## DIRECTIONS FOR THIS TASK
Reproduce only the top of the records, down to and including the line containing "We proudly offer".
————
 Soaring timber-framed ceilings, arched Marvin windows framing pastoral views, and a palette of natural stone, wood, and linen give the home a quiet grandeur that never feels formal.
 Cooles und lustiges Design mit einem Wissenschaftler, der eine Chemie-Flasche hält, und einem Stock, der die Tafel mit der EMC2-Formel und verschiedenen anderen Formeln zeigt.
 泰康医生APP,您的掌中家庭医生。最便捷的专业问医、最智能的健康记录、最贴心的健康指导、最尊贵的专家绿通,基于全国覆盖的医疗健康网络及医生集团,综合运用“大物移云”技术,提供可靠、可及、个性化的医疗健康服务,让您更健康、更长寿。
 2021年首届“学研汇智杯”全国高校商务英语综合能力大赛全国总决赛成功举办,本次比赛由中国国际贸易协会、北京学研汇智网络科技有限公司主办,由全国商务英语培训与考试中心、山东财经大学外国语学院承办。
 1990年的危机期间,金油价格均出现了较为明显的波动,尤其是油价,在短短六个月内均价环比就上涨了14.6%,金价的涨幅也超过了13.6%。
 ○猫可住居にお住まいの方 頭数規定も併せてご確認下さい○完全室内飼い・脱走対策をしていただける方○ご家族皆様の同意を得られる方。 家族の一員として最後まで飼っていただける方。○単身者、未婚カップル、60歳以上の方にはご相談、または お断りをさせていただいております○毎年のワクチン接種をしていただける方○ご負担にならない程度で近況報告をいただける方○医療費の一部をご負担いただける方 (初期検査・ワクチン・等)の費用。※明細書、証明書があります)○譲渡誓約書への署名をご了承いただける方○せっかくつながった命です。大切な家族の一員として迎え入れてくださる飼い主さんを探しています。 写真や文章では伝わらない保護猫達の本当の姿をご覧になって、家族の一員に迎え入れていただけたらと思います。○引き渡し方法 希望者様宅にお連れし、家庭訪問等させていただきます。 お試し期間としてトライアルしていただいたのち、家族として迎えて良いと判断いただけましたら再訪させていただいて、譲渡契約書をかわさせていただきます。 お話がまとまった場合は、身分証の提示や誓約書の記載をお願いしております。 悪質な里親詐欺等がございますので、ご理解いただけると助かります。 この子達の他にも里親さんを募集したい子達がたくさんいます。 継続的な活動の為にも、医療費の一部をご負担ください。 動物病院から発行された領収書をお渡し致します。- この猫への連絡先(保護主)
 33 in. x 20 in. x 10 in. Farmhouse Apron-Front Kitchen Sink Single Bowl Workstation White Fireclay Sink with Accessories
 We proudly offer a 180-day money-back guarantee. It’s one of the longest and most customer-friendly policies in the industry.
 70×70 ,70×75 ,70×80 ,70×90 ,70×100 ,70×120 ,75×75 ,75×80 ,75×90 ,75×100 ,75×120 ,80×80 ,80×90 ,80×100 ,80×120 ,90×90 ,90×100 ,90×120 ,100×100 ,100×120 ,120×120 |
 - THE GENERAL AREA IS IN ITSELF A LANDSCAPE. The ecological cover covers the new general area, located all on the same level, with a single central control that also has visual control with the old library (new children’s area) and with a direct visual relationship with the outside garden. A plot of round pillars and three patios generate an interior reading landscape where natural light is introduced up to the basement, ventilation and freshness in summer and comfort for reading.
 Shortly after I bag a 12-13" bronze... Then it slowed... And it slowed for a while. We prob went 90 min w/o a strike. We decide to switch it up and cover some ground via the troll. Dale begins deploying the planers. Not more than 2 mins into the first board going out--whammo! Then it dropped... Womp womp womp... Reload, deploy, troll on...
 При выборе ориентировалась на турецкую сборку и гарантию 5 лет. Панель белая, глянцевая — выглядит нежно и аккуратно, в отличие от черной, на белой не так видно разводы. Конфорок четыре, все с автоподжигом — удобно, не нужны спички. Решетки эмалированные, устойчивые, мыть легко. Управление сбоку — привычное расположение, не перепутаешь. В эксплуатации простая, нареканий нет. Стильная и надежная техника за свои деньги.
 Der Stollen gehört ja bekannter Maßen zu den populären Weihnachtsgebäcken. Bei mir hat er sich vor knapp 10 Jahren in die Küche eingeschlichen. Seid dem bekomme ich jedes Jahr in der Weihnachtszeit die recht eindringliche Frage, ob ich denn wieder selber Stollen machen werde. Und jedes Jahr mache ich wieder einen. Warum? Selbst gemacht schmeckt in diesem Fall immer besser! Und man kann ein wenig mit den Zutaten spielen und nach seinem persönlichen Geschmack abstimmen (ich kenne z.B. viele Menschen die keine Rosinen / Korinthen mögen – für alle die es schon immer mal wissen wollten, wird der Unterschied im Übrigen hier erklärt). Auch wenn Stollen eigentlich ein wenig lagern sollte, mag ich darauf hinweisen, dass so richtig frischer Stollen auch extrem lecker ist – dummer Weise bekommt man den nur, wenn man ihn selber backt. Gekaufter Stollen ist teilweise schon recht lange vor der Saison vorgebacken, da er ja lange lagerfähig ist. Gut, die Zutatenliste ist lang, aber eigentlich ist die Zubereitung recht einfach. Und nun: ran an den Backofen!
————
## TASK RESULT
 Soaring timber-framed ceilings, arched Marvin windows framing pastoral views, and a palette of natural stone, wood, and linen give the home a quiet grandeur that never feels formal.
 Cooles und lustiges Design mit einem Wissenschaftler, der eine Chemie-Flasche hält, und einem Stock, der die Tafel mit der EMC2-Formel und verschiedenen anderen Formeln zeigt.
 泰康医生APP,您的掌中家庭医生。最便捷的专业问医、最智能的健康记录、最贴心的健康指导、最尊贵的专家绿通,基于全国覆盖的医疗健康网络及医生集团,综合运用“大物移云”技术,提供可靠、可及、个性化的医疗健康服务,让您更健康、更长寿。
 2021年首届“学研汇智杯”全国高校商务英语综合能力大赛全国总决赛成功举办,本次比赛由中国国际贸易协会、北京学研汇智网络科技有限公司主办,由全国商务英语培训与考试中心、山东财经大学外国语学院承办。
 1990年的危机期间,金油价格均出现了较为明显的波动,尤其是油价,在短短六个月内均价环比就上涨了14.6%,金价的涨幅也超过了13.6%。
 ○猫可住居にお住まいの方 頭数規定も併せてご確認下さい○完全室内飼い・脱走対策をしていただける方○ご家族皆様の同意を得られる方。 家族の一員として最後まで飼っていただける方。○単身者、未婚カップル、60歳以上の方にはご相談、または お断りをさせていただいております○毎年のワクチン接種をしていただける方○ご負担にならない程度で近況報告をいただける方○医療費の一部をご負担いただける方 (初期検査・ワクチン・等)の費用。※明細書、証明書があります)○譲渡誓約書への署名をご了承いただける方○せっかくつながった命です。大切な家族の一員として迎え入れてくださる飼い主さんを探しています。 写真や文章では伝わらない保護猫達の本当の姿をご覧になって、家族の一員に迎え入れていただけたらと思います。○引き渡し方法 希望者様宅にお連れし、家庭訪問等させていただきます。 お試し期間としてトライアルしていただいたのち、家族として迎えて良いと判断いただけましたら再訪させていただいて、譲渡契約書をかわさせていただきます。 お話がまとまった場合は、身分証の提示や誓約書の記載をお願いしております。 悪質な里親詐欺等がございますので、ご理解いただけると助かります。 この子達の他にも里親さんを募集したい子達がたくさんいます。 継続的な活動の為にも、医療費の一部をご負担ください。 動物病院から発行された領収書をお渡し致します。- この猫への連絡先(保護主)
 33 in. x 20 in. x 10 in. Farmhouse Apron-Front Kitchen Sink Single Bowl Workstation White Fireclay Sink with Accessories
 We proudly offer a 180-day money-back guarantee. It’s one of the longest and most customer-friendly policies in the industry.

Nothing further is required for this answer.